[Opening Records to use section]
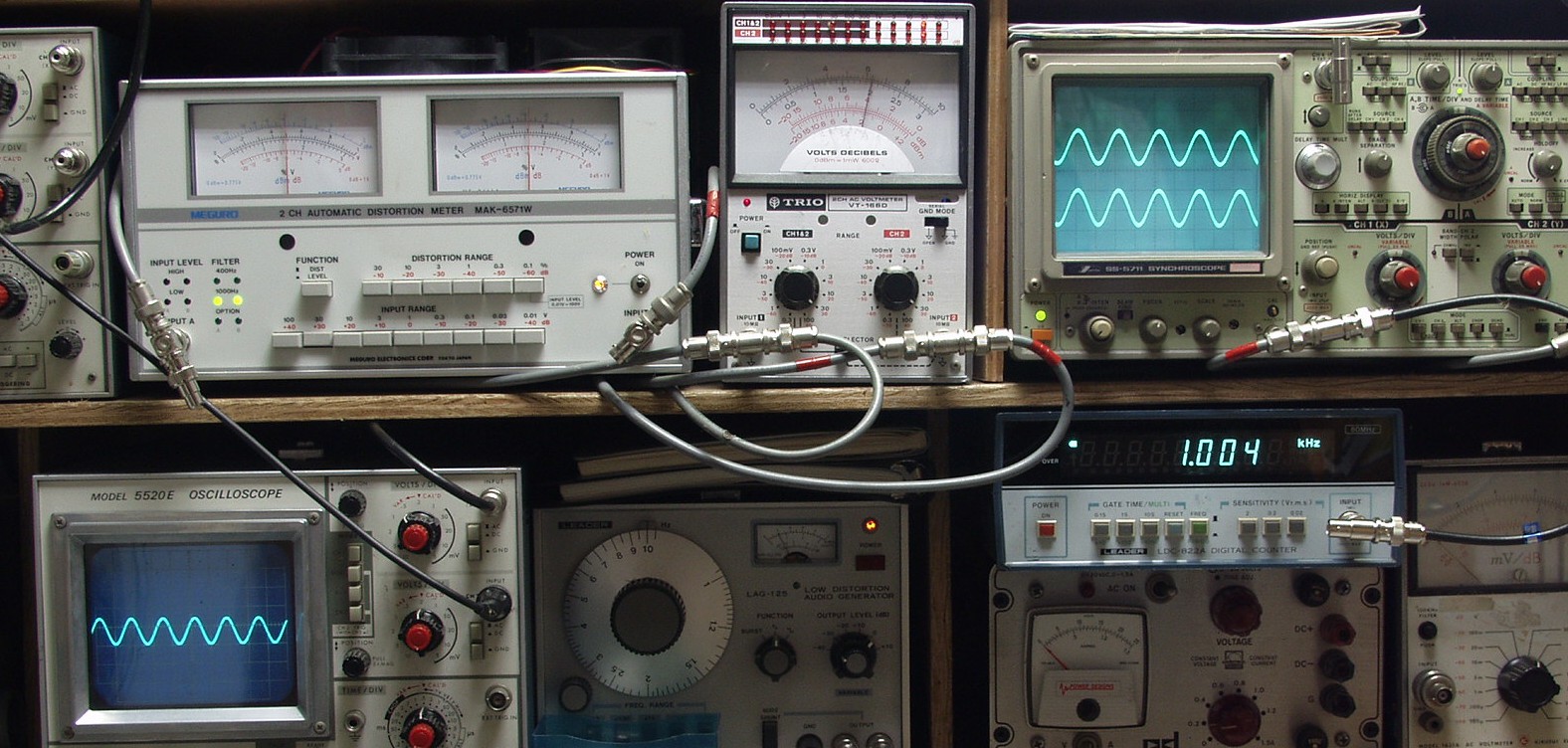 | E. 調整・測定 E1. 出力/歪み率測定・調整 <見方> 上左オーディオ発振器より400HZ・1KHZの信号を出す(歪み率=約0.003%) 下中=入力波形(オーディオ発振器のTTLレベル) 下右=周波数計 上左=SP出力の歪み率測定 左メ−タ−=L出力、右メ−タ−=R出力 上中=SP出力電圧測定器、赤針=R出力、黒針=L出力 上右=SP出力波形オシロ 上=R出力、下=L出力(出力電圧測定器の出力) |
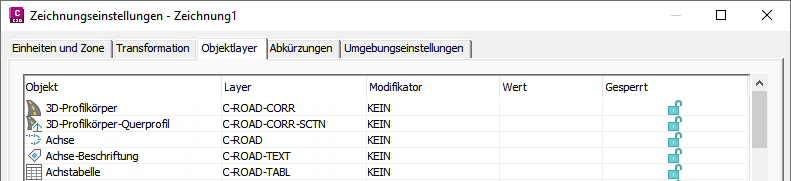 Bei der Erstellung eines Objekts können Sie die Vorgabe übernehmen oder einen neuen Layer angeben. Die Basisschichten werden nur für die Hauptobjekttypen, wie zum Beispiel DGMs und Achsen, verwendet.
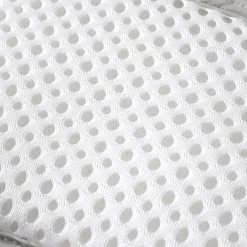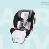 A stroller seat where two mesh materials with high air permeability and cushioning properties are piled up. It reduces the impact on the baby’s body.Â
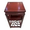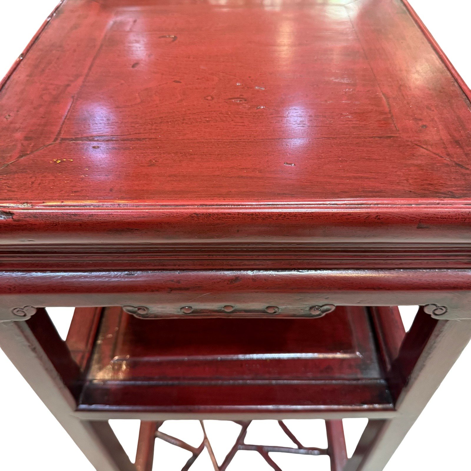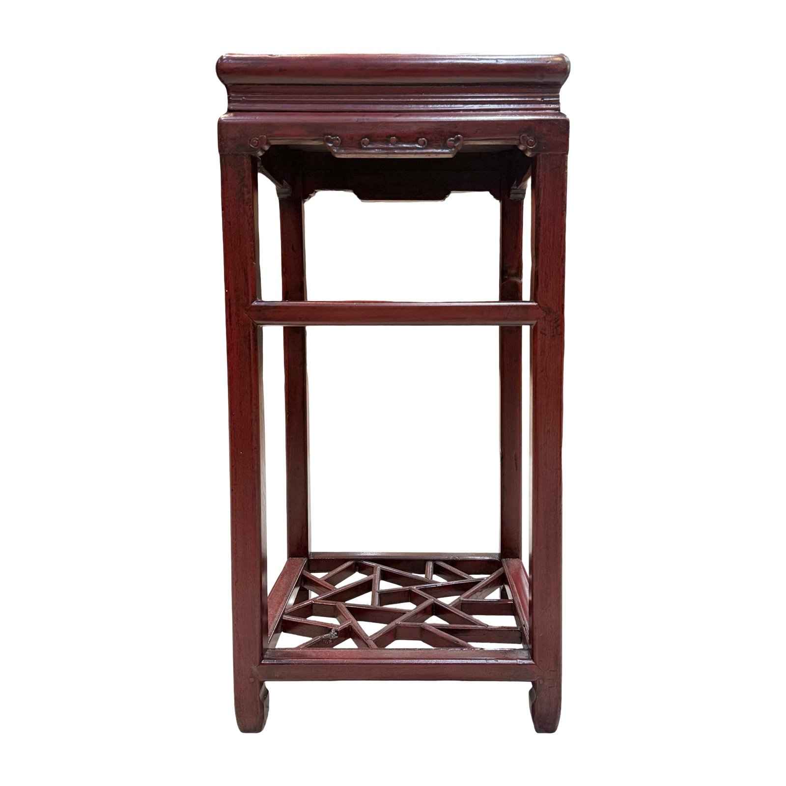 An old square tea table from Zhejiang province, with a middle shelf and “cracked ice” lattice base, approx.80-100 years old. This table has delicate carved details around the sides and corners, and subtle hoof feet.
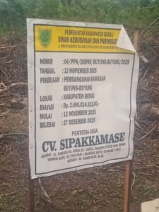 Proyek Pengembangan Kawasan Buyung – Buyung di jalan Tani Kampung Buyung – Buyung Kecamatan Tabalar tidak dikerjakan lagi karena telah di hentikan oleh pemilik lahan AW.
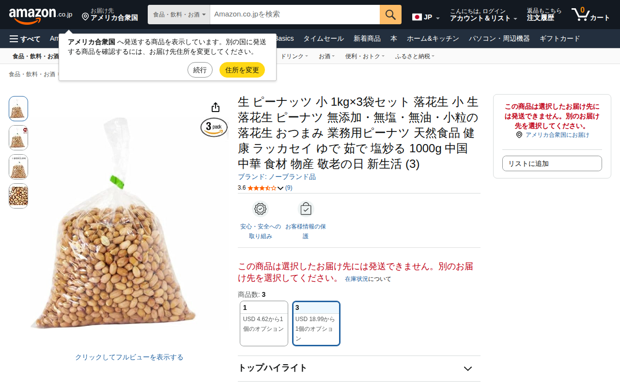 This page is an Amazon.co.jp product listing for raw peanuts (生ピーナッツ). It offers a 3kg set (1kg×3 bags) of sma...
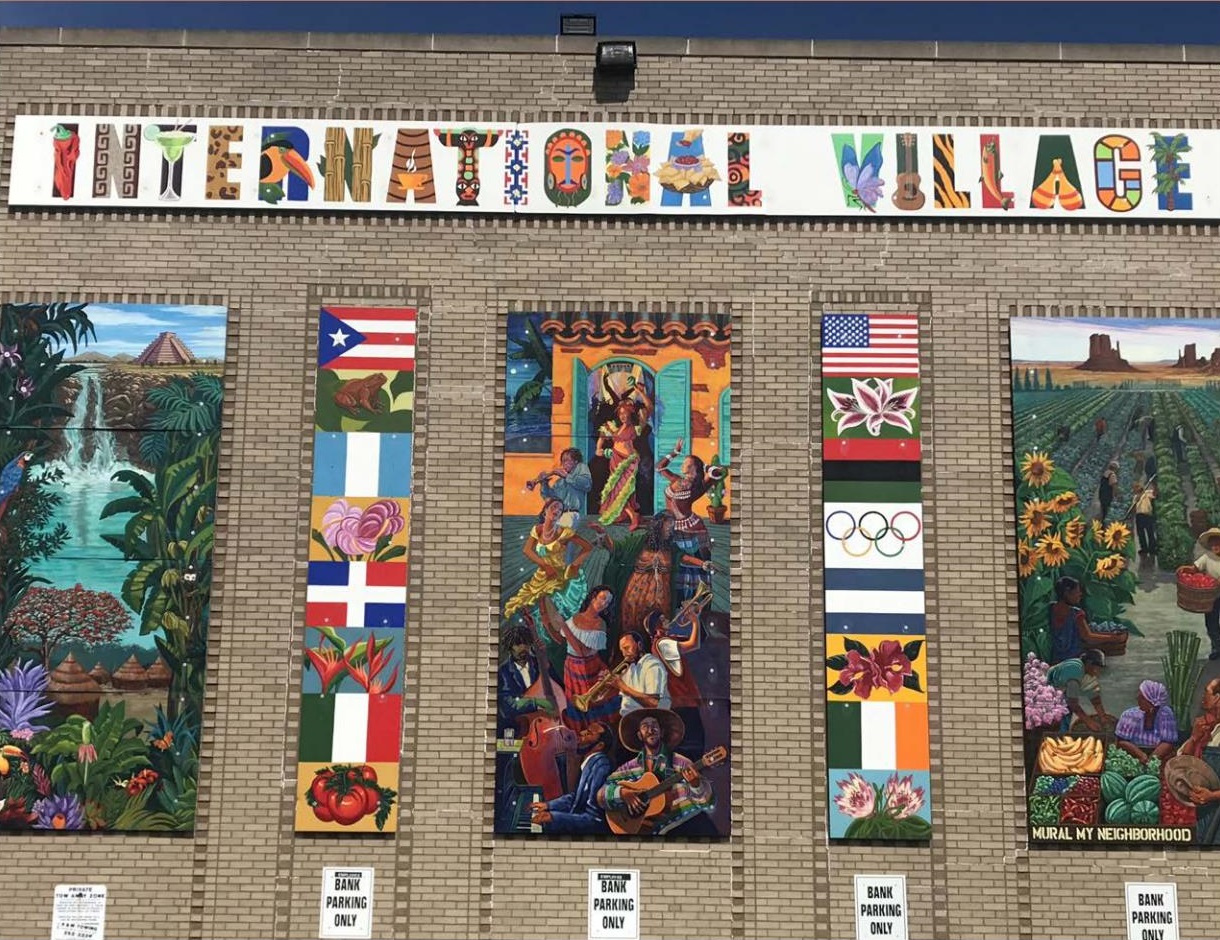| The International Village mural on the west wall of the City Bank Building at Clark Avenue and West 25th Street (OHFA). |
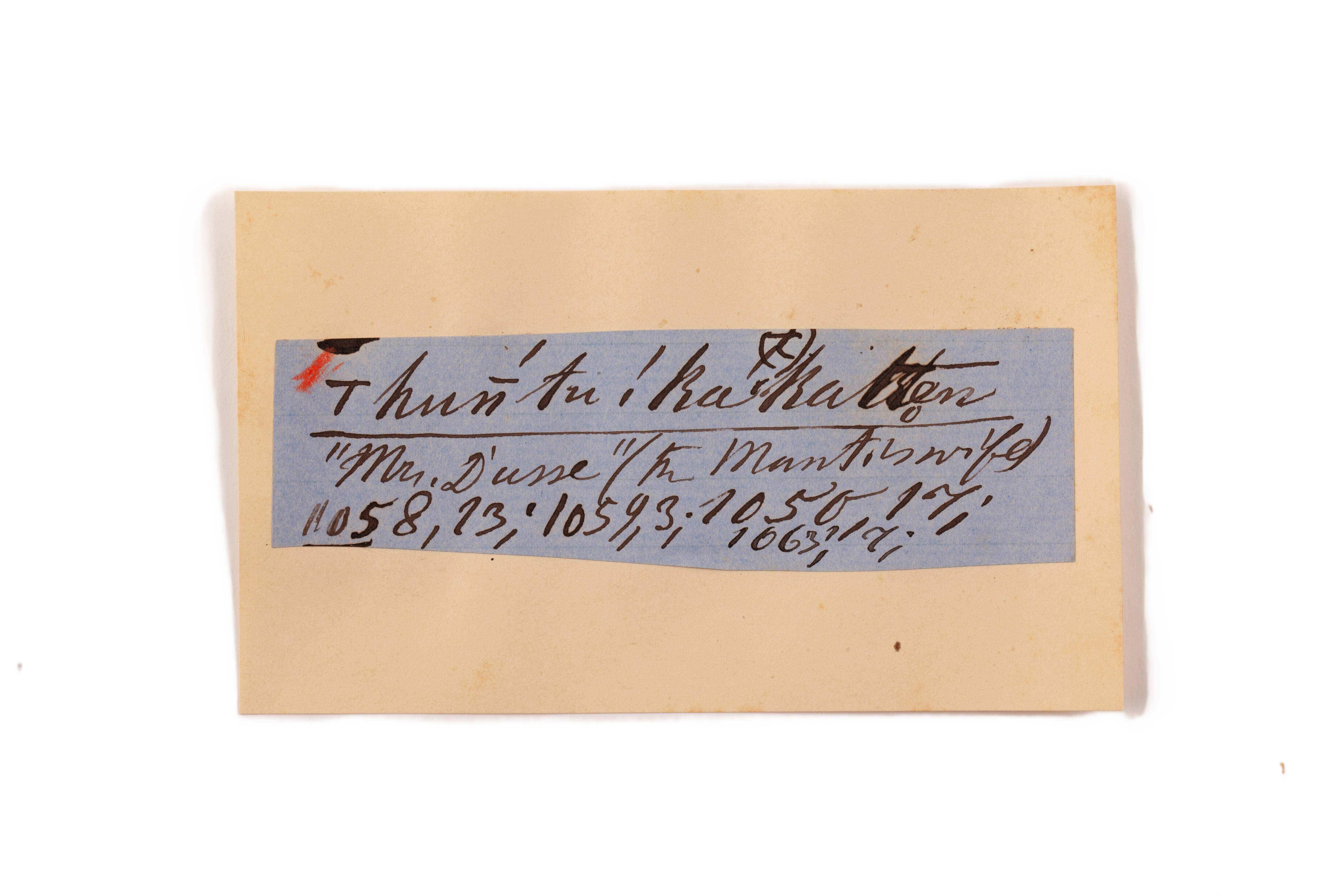 ink on blue paper glued on card
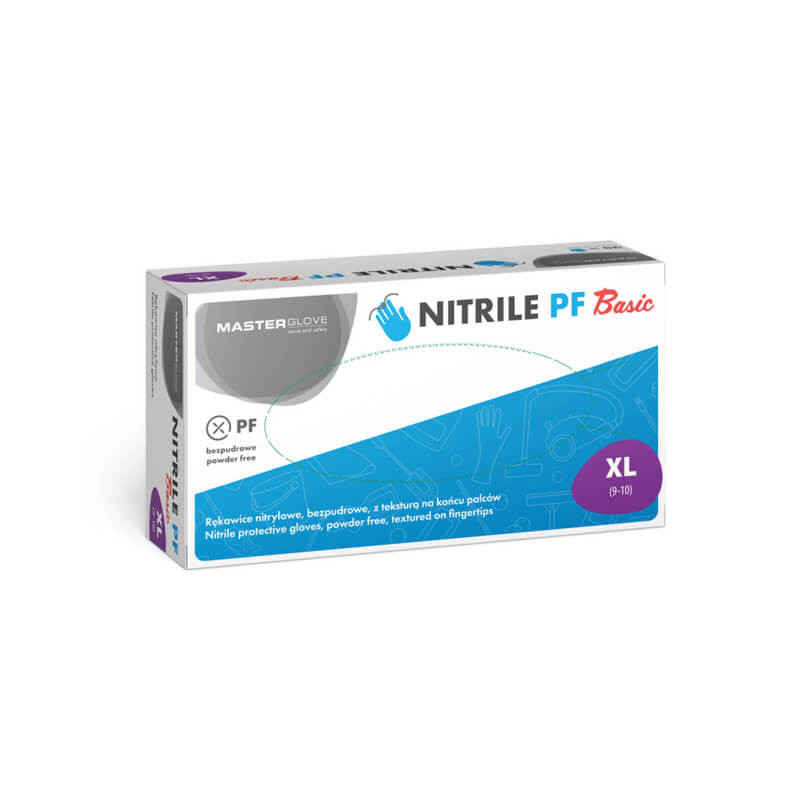 Vienkartinės nitrilinės pirštinės Master Glove PF Basic XL dydis, mėlynos spalvos 100vnt
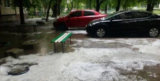 "На жилом массиве Тополь-2 дворы и улицы выглядят по-зимнему. Люди стараются не выходить из дома. От такого большого града наверняка могут пострадать машины. Также от стихии страдают растения", - сообщил сайт.
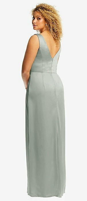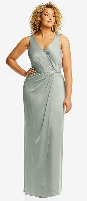 Faux Wrap Whisper Satin Maxi Dress with Draped Tulip Skirt
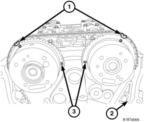 ^ Install timing chain so plated links on chain align with timing marks on camshaft sprockets (1).
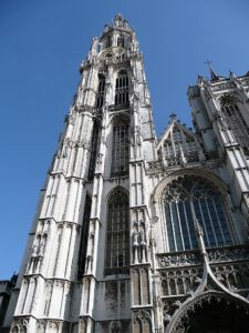 Wanneer Peter de Grote Antwerpen bezoekt in 1717 wil hij de hoogte van de toren nameten. Vandaag zeggen we dat hij 123 meter hoog is, maar in 1717 zei men dat uiteraard niet. Men mat toen nog in voeten – Antwerpse voeten. Want de maten verschilden van stad tot stad… De Antwerpse voet mat 28,50 cm; de Brusselse 27,50 cm (de Franse 32,50 cm). Voor de Antwerpenaar was de toren dus 432 voet hoog. Peter de Grote werd in zijn rijk geconfronteerd met hetzelfde probleem dat hier heerste, nl. dat maten van stad en streek verschilden. Vandaar dat hij een uniform maatstelsel heeft ingevoerd, zoals de Fransen eind 19de eeuw deden met het metriek stelsel. Als basis nam hij de “arshin”, een armlengte, die gelijk is aan 71,12 cm. Hij zal dus ontdekt hebben dat de toren 173 arshin hoog is.
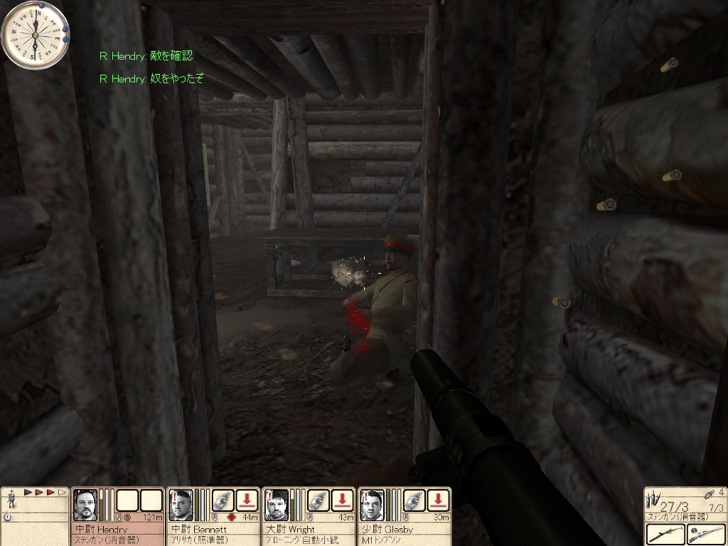トンネル内は入り組んでおり,思った以上に敵兵が多い。曲がり角の先や,部屋の一つ一つすべてに敵兵が潜んでいると想定して,常に手榴弾を放り込んでから先に進む。制圧条件は,敵兵の全滅ではなくて士官(衣装で見分ける)の殺害だが,もちろん全員殺したほうがいいだろう。
[Closing Records to use section]
**Directions for this task:** Among the lines above, the one with "An old square" opens the part to repeat and the one with "camshaft sprockets (1)." closes it; repeat only that part exactly, with no pictures.

**Reply to the task:**
 An old square tea table from Zhejiang province, with a middle shelf and “cracked ice” lattice base, approx.80-100 years old. This table has delicate carved details around the sides and corners, and subtle hoof feet.
 Proyek Pengembangan Kawasan Buyung – Buyung di jalan Tani Kampung Buyung – Buyung Kecamatan Tabalar tidak dikerjakan lagi karena telah di hentikan oleh pemilik lahan AW.
 This page is an Amazon.co.jp product listing for raw peanuts (生ピーナッツ). It offers a 3kg set (1kg×3 bags) of sma...
| The International Village mural on the west wall of the City Bank Building at Clark Avenue and West 25th Street (OHFA). |
 ink on blue paper glued on card
 Vienkartinės nitrilinės pirštinės Master Glove PF Basic XL dydis, mėlynos spalvos 100vnt
 "На жилом массиве Тополь-2 дворы и улицы выглядят по-зимнему. Люди стараются не выходить из дома. От такого большого града наверняка могут пострадать машины. Также от стихии страдают растения", - сообщил сайт.
 Faux Wrap Whisper Satin Maxi Dress with Draped Tulip Skirt
 ^ Install timing chain so plated links on chain align with timing marks on camshaft sprockets (1).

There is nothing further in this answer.